The last Thursday night in Lent had a special attraction, as a Royal Duke, who is working President of the School, was to visit the place. He made his solemn entry, attended by various of the civic fathers in robes, with wand-holding governors following. A particularly gorgeous beadle, in a yellow robe, led the way, while the organ struck up the National hymn. Down the side of the room was hung what is probably one of the largestpictures in the world, being about seventy feet long by some fifteen high. This portrays the foundation of the establishment, and exhibits the King, surrounded by innumerable figures, possibly representing the professors and their scholars, of his time. On these he is conferring the honour of the foundation. A young collegian ascended the pulpit, and began a series of prayers of antique fashion, in which every class according to their degree, was duly prayed for. He was careful to include members of the “Most Honourable Privy Council,” the Sheriffs, Town Councillors, Aldermen; while profoundest gratitude was expressed to the founders, and to all those kind friends, governors, masters, and others who devoted their time to the school. So many had to be “remembered” in these prayers that considerable time elapsed, during which the eight hundred were anxiously and voraciously contemplating thecateswhich they dare not profane. But there was the “Old Hundredth” to be gone through, and very melodious were the tones of the lads; and yet another hymn, and finally a prayer, when with picturesque effect all those little monks went on their knees, each in his place.

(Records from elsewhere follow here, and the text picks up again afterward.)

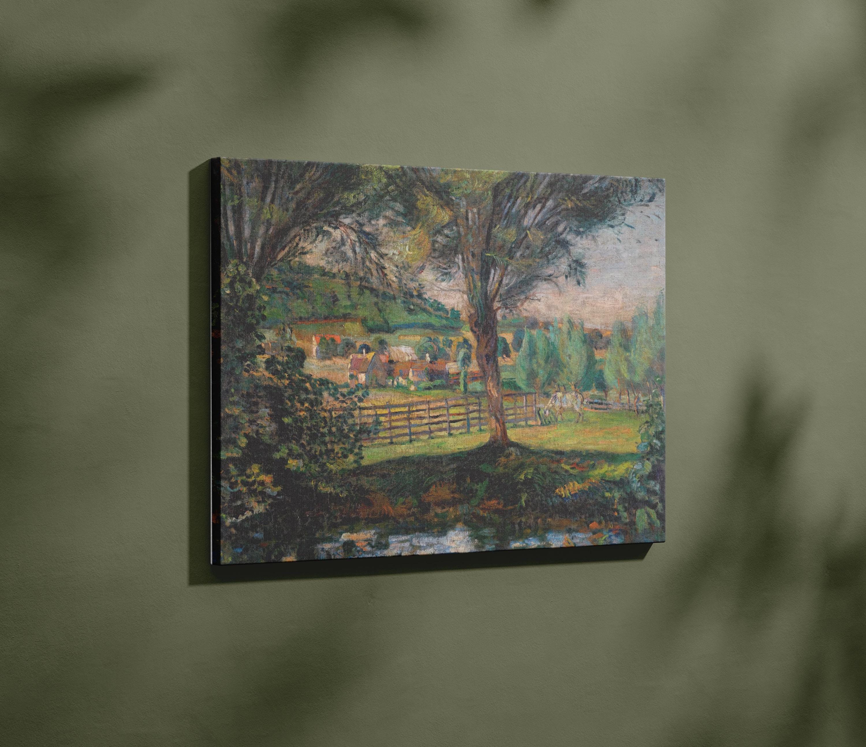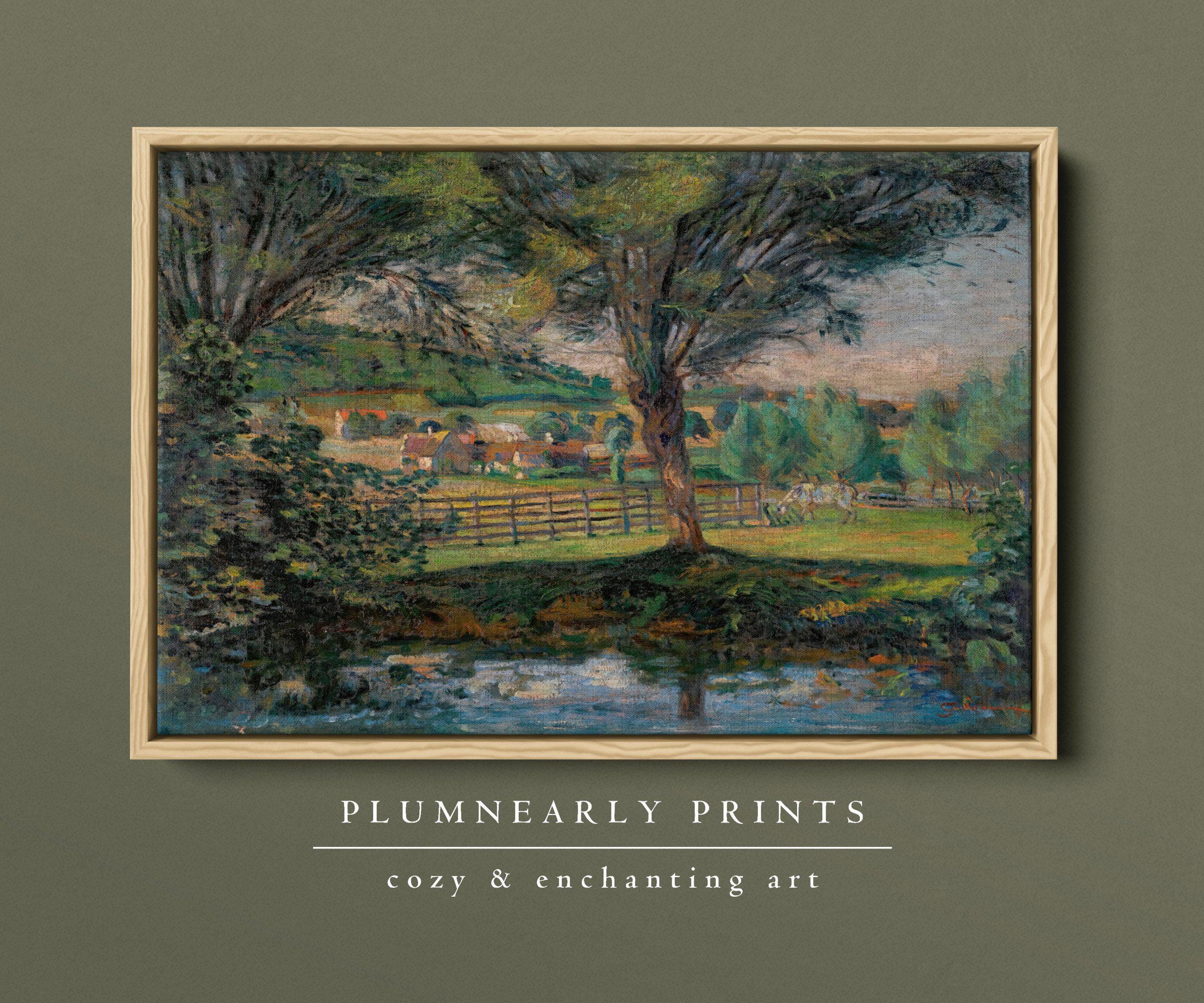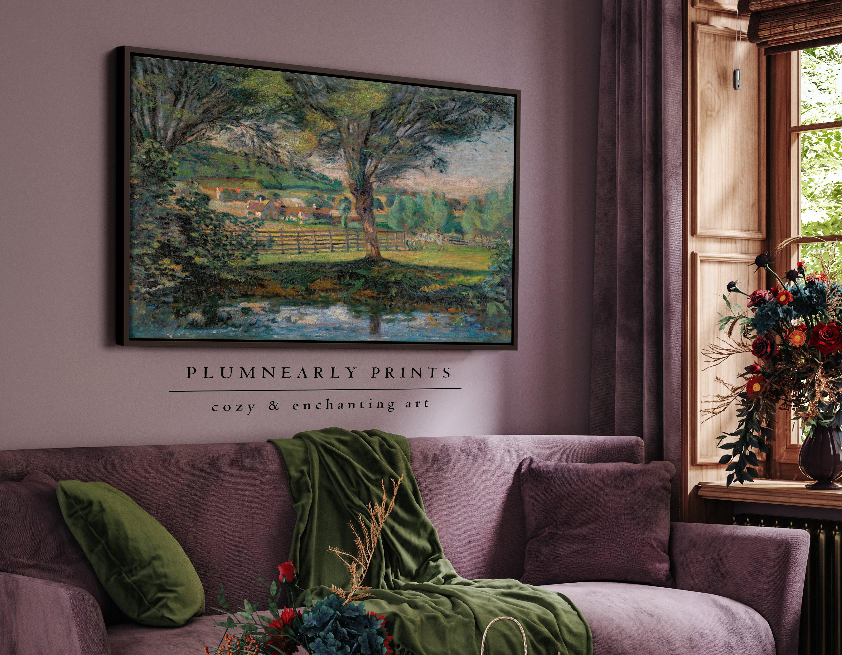 Guillaumin French Countryside Landscape Framed Canvas, Vintage Impressionist Nature Oil Painting, Chartreuse Sage Frog Green Wall Decor
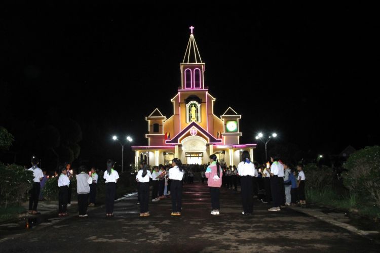 Kết thúc thánh lễ, thời tiết tốt hơn, nên các em trong nhóm ơn gọi với nến sáng trên tay cùng với quý cha và cộng đoàn tiến ra đài Đức Mẹ lần chuỗi, và dâng lên Mẹ muôn sắc hoa và ánh nến lung linh để xin đươc tan chảy như nến cháy rồi cùng với Mẹ lên đường đến với mọi người anh em.
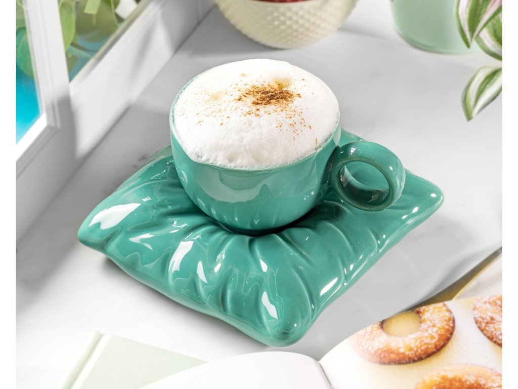 Cíťte sa naozaj kráľovsky pri pití z našej mimoriadnej šálky s vankúšikom namiesto podšálky. Zavrite na chvíľu oči, oddýchnite si a predstavte si, že sa k vám distingovaným krokom blíži pohľadný komorník v dokonale vyžehlenom fraku as nesmelým úsmevom pokýva hlavou a podáva vám vašu obľúbenú kávu alebo čaj, ktorého vôňa vás jemne zahalí. Naozaj metafyzický zážitok...
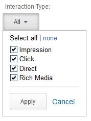 При использовании селектора 'Тип взаимодействия' отчет можно отфильтровать по действиям, которые совершали пользователи, увидевшие рекламу. Доступны 4 варианта: клики, показы (без кликов), прямой канал (с кликом по медийной рекламе и последующим целевым действием) и прямой канал мультимедийной рекламы.
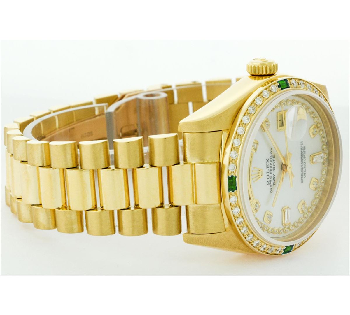 One Mens Rolex Day Date President Polished, Serviced & Electronically Tested, Yellow Gold Case:36mm, Yellow Gold Crown, Custom Bezel: 18K Yellow Gold Emerald Beadset Diamond Bezel, Diamond + Gem Count: 36 Diamonds + 4 Emeralds Total Weight 1.00 Carat, Clarity: SI-VS, Color: G to H. Custom Crystal: Synthetic Sapphire Cyclops Lens. Movement: Automatic Winding Movement Caliber 3055. Custom Dial: Mother Of Pearl String Diamond Dial With 2 Baguettes, (49 Diamond In Dial + 2 Baguette Diamonds In Dial) G To H In Color, Clarity: SI-VS. Date Window: 3 O'Clock Position Date Display, Day Window: 12 O'Clock Position Date Display. Quickset, Model: 18038 Condition: G-6 Extra Fine. Bracelet: Yellow Gold President. Bright Polish. 6.5 Inch Length, Standard Hidden President Clasp President Band, With Rolex Logo.

There was a simplicity in all this which was very pleasing. After about twenty minutes of devout suspense, during which time Justice Greedy’s “clapper” must have been noisily heard at work in the clamorous stomachs of the lads, the welcome signal was given, and they were permitted to fall on the victuals. Later the signal was given to break off, by sharp blows on the table, when there followed a fresh series of old observances which showed the monastic origin of the place.
The lads who had waited on each other now brought huge baskets to carry away the fragments of bread, etc., the tables were cleared, and the long white cloths carefully folded, which led on to the last and most interesting part of the exhibition, when each division of the eight hundred passed in its turn before the President. Every two advanced together and made him a low bow, or “bob,” which was carefully returned; each division closed up with the servitors, one carrying the basket on his shoulder, another the knife-box, a third the cloth, while a small monk not unpicturesquely wound up the procession, bearing the two garlanded lights.
THE outlying districts of London have each a curiously marked colour and flavour of their own. Thus “the Borough,” the district about Bishopgate Street, the City itself—and Islington, all have a distinct and recognizable air. It would take long to define the elements of each, but the skilled denizen has no difficulty in distinguishing. Islington has a bustling, almost foreign air, and in some sense deserves its epithet “merry.” A little beyond Islington there begins a district of so special and curious a kind as really to have effect on the mind and spirits of the traveller. For here he finds a succession of tame, spiritless villas and terraces, gardens and small squares, not dilapidated, yet all running to seed as it were. There is a general look of monotonous hopelessness that cannot be described. No one seems to be about or doing. There is one compensation—the good, clear, inspiring air. This is felt as we mount those gently-rising hills which lead out of the main road, and land us among the still more saddening squares and abjectly-correct terraces. One of these is Canonbury Road, at the top of which the atmosphere is positively “bracing,” and here—that is, a little way on—we come to a most interesting old memorial, well worthy the long jaunt from the West End.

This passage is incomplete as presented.